* THE DATA

####################

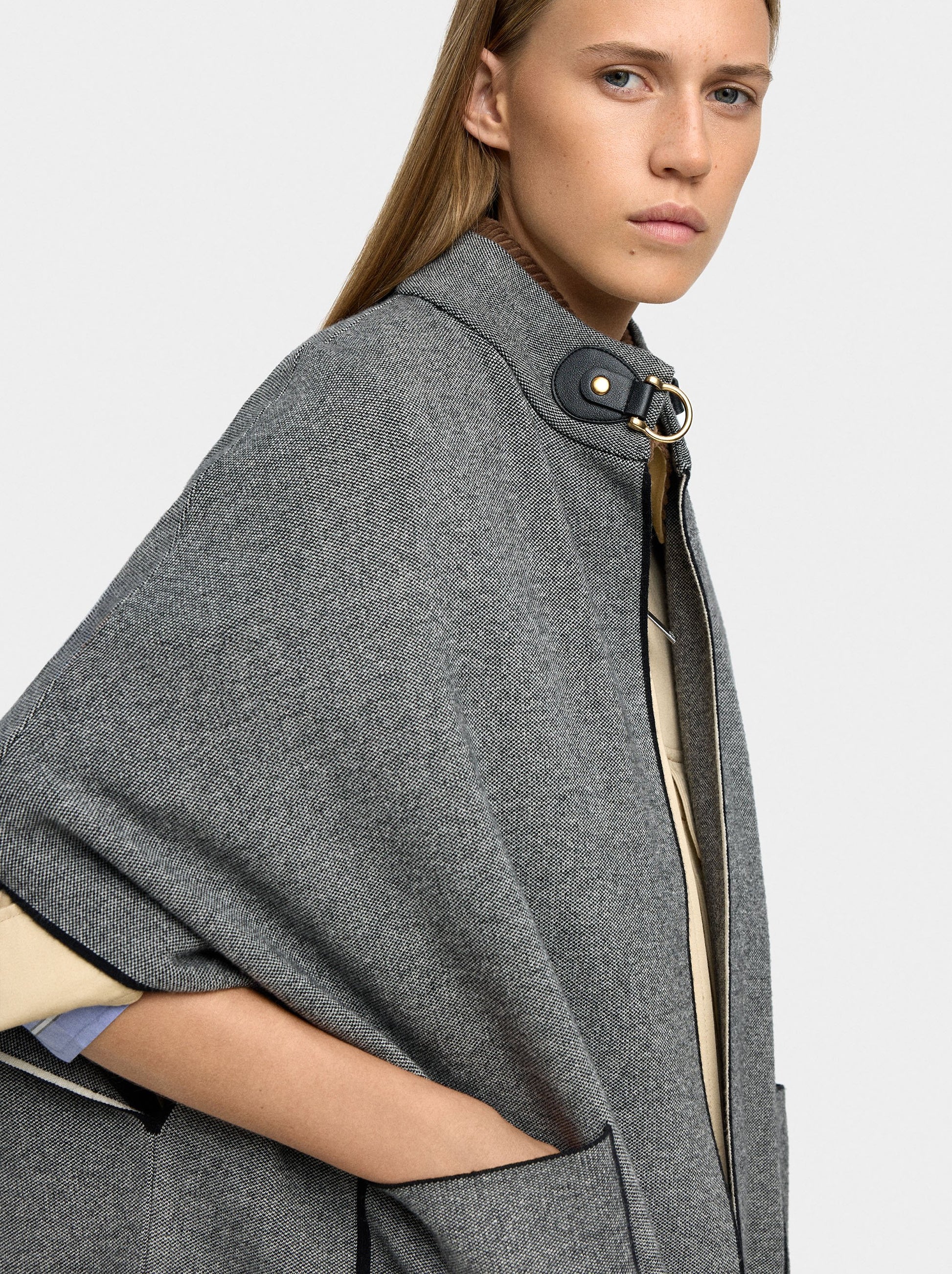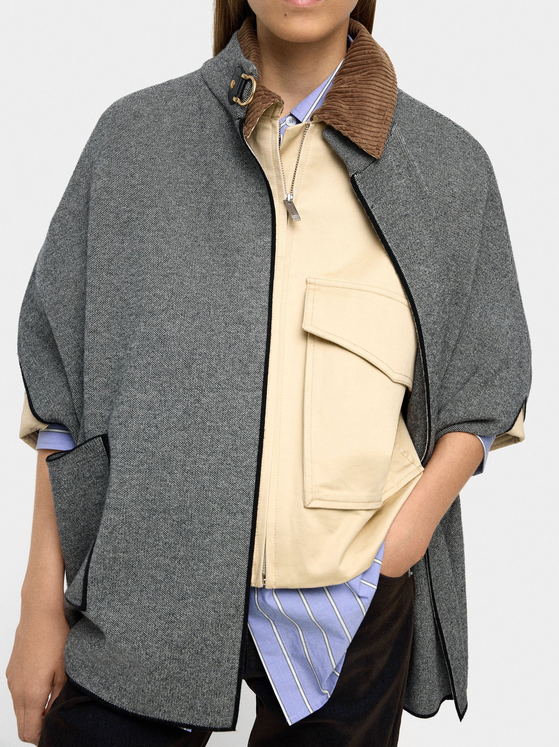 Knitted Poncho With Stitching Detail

####################

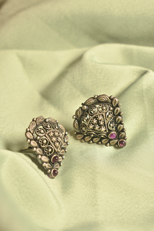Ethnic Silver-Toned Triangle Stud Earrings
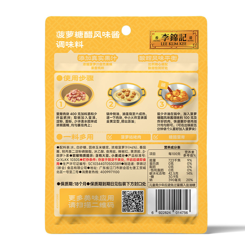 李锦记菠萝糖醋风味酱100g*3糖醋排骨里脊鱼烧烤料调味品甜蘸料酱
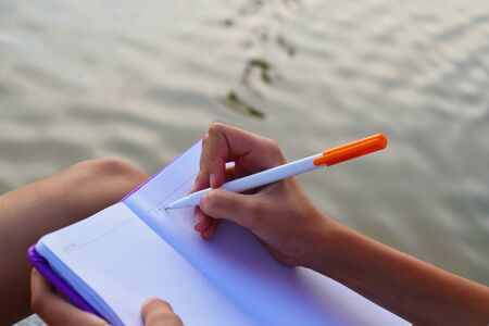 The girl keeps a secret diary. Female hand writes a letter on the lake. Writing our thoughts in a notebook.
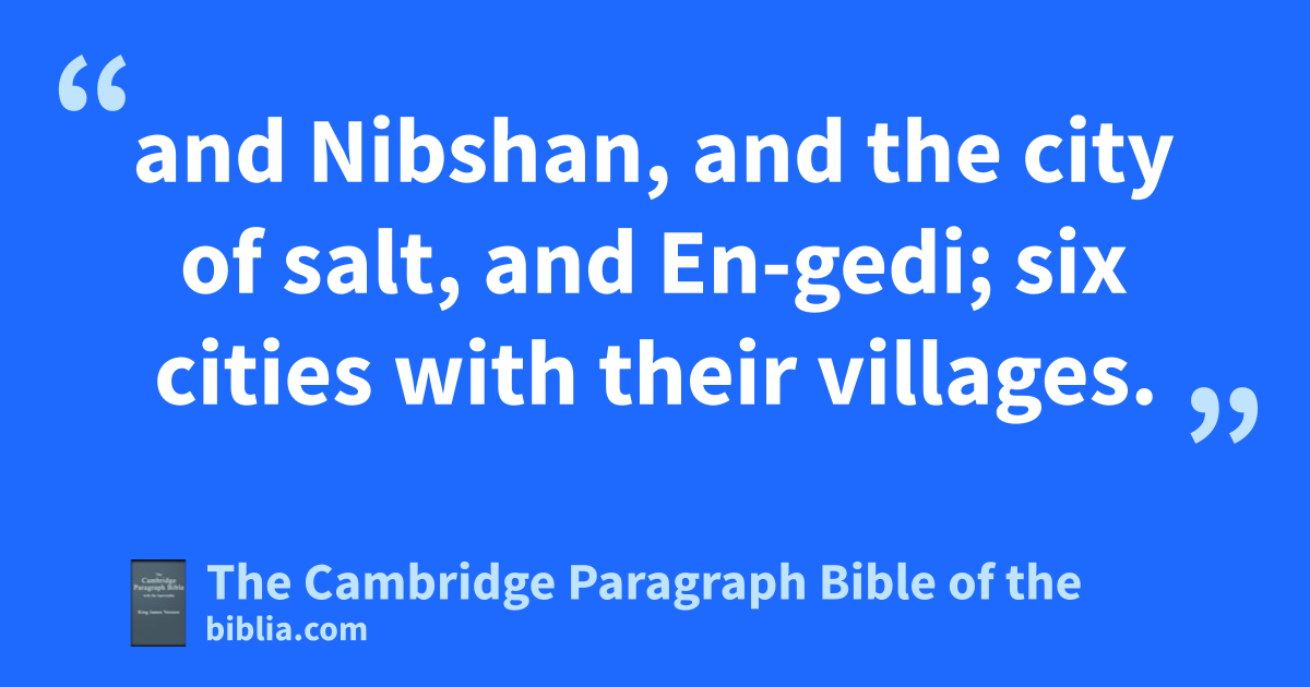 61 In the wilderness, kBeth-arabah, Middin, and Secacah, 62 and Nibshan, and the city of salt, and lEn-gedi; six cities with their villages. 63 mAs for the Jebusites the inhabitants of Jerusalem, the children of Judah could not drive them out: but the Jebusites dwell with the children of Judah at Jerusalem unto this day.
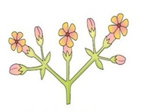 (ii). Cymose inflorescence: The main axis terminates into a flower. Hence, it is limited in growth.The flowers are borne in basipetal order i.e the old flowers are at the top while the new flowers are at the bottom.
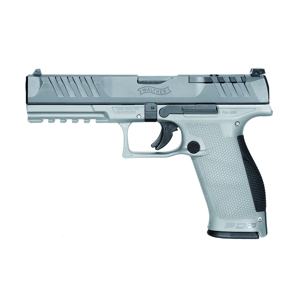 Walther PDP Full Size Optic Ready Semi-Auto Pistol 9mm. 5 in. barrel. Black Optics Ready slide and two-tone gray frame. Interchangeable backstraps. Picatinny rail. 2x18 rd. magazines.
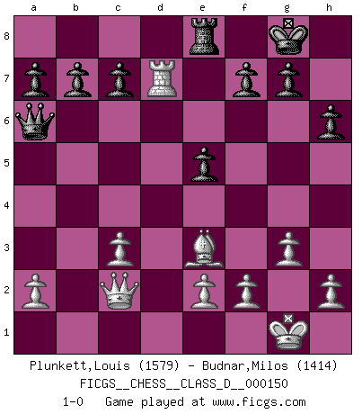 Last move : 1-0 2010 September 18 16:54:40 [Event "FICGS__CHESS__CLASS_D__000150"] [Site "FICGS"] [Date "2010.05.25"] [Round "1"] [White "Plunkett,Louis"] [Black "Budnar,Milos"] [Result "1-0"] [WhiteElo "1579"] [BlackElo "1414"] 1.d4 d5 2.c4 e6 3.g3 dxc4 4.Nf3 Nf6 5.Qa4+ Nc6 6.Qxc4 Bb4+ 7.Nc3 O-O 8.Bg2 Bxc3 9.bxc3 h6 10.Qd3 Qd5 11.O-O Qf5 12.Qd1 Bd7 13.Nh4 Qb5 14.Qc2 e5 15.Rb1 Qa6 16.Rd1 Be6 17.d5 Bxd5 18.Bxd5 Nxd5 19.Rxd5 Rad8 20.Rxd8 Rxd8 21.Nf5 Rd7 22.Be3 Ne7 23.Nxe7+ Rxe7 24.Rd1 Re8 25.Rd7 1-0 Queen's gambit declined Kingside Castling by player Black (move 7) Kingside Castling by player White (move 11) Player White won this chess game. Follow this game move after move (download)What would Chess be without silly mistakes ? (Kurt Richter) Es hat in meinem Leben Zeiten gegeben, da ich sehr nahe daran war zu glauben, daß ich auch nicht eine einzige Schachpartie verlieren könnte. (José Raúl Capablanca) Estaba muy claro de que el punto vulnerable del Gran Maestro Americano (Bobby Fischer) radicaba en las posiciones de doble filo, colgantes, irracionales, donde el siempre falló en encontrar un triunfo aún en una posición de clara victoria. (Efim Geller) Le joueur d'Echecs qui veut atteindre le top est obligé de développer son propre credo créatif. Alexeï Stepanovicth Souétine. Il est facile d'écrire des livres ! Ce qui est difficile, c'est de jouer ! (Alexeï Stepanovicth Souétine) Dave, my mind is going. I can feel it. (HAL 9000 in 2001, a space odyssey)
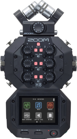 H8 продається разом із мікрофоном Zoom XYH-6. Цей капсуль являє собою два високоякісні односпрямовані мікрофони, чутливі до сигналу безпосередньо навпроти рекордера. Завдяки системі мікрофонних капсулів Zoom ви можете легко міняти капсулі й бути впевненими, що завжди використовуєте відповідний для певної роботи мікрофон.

####################

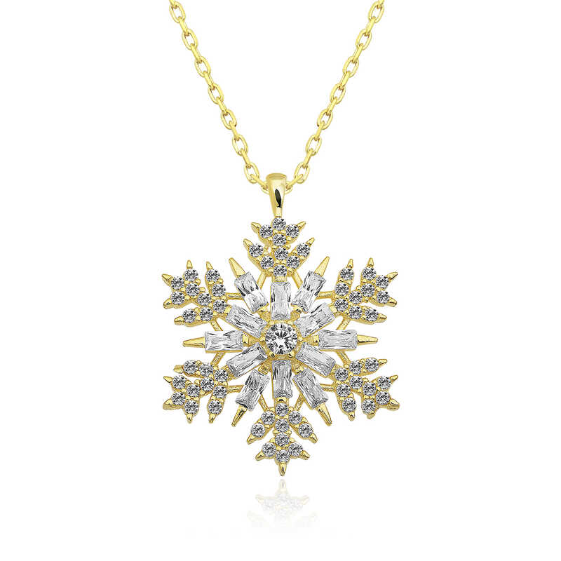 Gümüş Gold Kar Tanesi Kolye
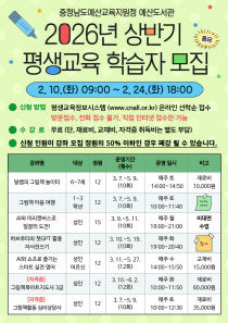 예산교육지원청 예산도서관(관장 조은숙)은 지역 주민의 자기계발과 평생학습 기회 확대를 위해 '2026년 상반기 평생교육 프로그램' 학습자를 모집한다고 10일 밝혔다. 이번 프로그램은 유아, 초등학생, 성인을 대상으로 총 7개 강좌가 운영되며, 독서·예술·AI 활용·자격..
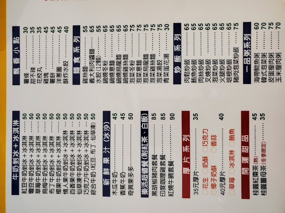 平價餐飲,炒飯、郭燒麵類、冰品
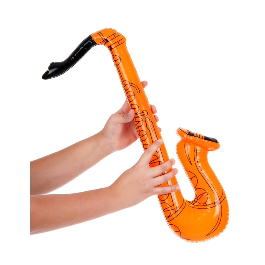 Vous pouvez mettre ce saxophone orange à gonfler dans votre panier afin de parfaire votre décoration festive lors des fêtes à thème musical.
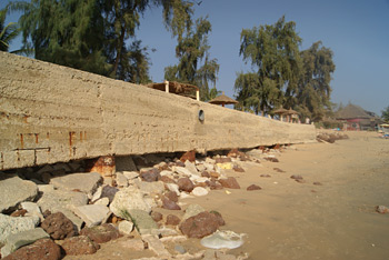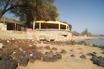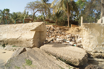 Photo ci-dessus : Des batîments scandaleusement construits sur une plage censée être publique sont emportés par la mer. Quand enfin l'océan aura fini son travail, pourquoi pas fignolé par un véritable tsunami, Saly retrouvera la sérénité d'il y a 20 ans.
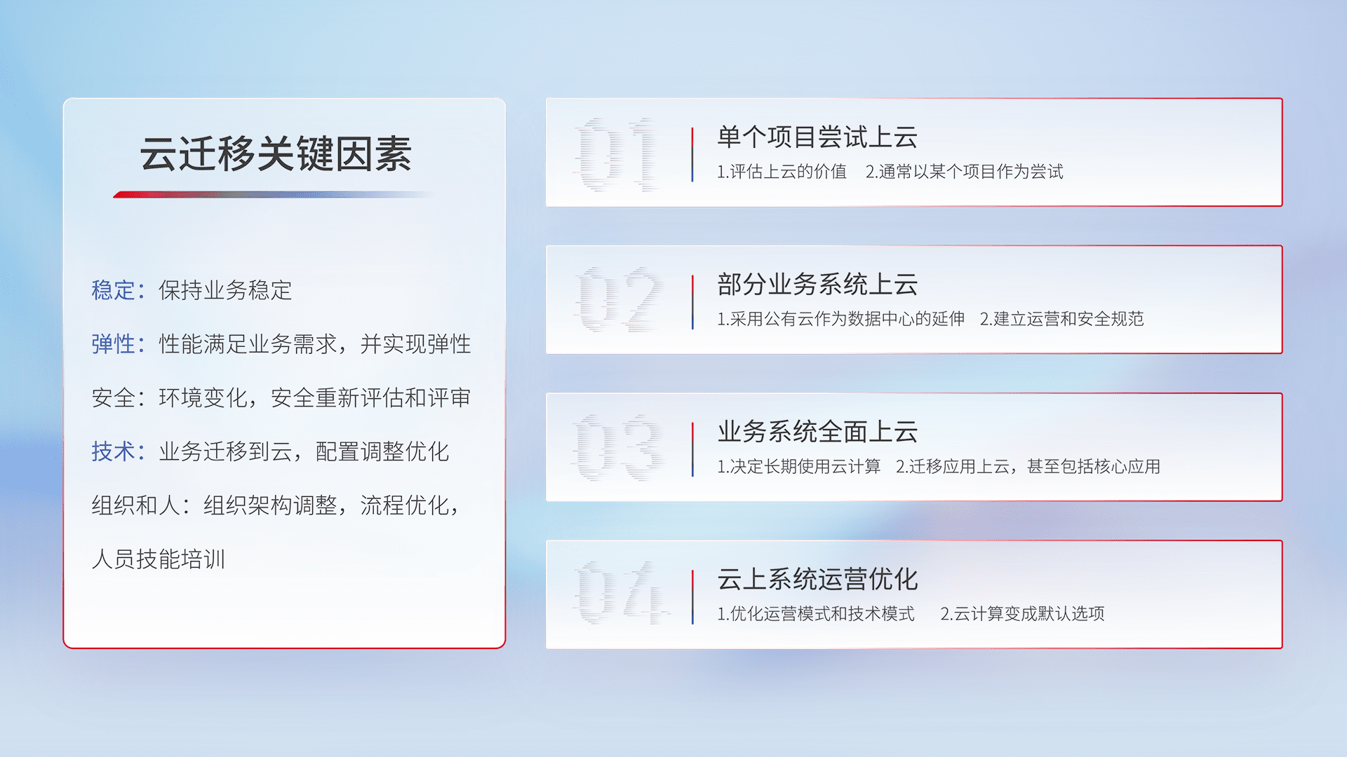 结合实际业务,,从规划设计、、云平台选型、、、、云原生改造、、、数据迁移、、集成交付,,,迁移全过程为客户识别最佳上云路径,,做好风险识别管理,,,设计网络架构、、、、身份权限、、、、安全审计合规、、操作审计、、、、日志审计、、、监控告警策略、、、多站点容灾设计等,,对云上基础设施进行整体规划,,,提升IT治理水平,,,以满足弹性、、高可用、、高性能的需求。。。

####################

* WORK ITEM
Using the data above, set down each line from the line with "Vous pouvez mettre" to the line with "结合实际业务,,从规划设计、" exactly, both ends included, and leave the pictures behind. Nothing else belongs.

* TASK ANSWER
 Vous pouvez mettre ce saxophone orange à gonfler dans votre panier afin de parfaire votre décoration festive lors des fêtes à thème musical.
 Photo ci-dessus : Des batîments scandaleusement construits sur une plage censée être publique sont emportés par la mer. Quand enfin l'océan aura fini son travail, pourquoi pas fignolé par un véritable tsunami, Saly retrouvera la sérénité d'il y a 20 ans.
 结合实际业务,,从规划设计、、云平台选型、、、、云原生改造、、、数据迁移、、集成交付,,,迁移全过程为客户识别最佳上云路径,,做好风险识别管理,,,设计网络架构、、、、身份权限、、、、安全审计合规、、操作审计、、、、日志审计、、、监控告警策略、、、多站点容灾设计等,,对云上基础设施进行整体规划,,,提升IT治理水平,,,以满足弹性、、高可用、、高性能的需求。。。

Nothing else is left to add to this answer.